▸ WORK INSTRUCTION
In the material below, find the line with "UAGCP – Appel" and the line with "de Santiago |", then output both and every line between them exactly, omitting pictures.
** TASK INPUTS follows **
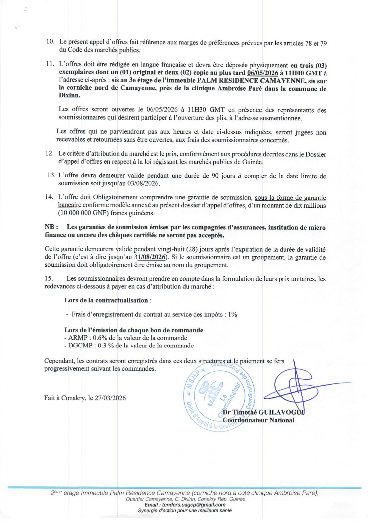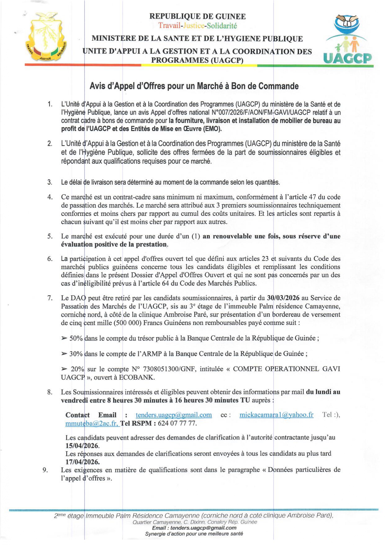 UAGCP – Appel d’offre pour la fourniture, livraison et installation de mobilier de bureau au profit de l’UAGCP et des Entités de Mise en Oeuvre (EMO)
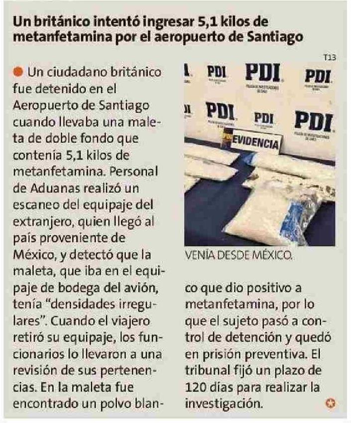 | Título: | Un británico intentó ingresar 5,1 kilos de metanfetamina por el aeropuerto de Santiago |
** End of TASK INPUTS **
** TASK INPUTS follows **
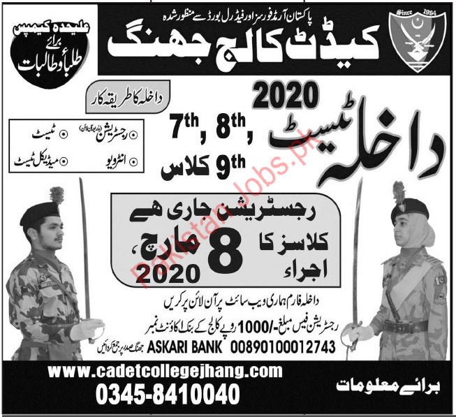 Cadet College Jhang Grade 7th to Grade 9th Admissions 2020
** End of TASK INPUTS **
▸ ANSWER TO THIS TASK
 UAGCP – Appel d’offre pour la fourniture, livraison et installation de mobilier de bureau au profit de l’UAGCP et des Entités de Mise en Oeuvre (EMO)
 | Título: | Un británico intentó ingresar 5,1 kilos de metanfetamina por el aeropuerto de Santiago |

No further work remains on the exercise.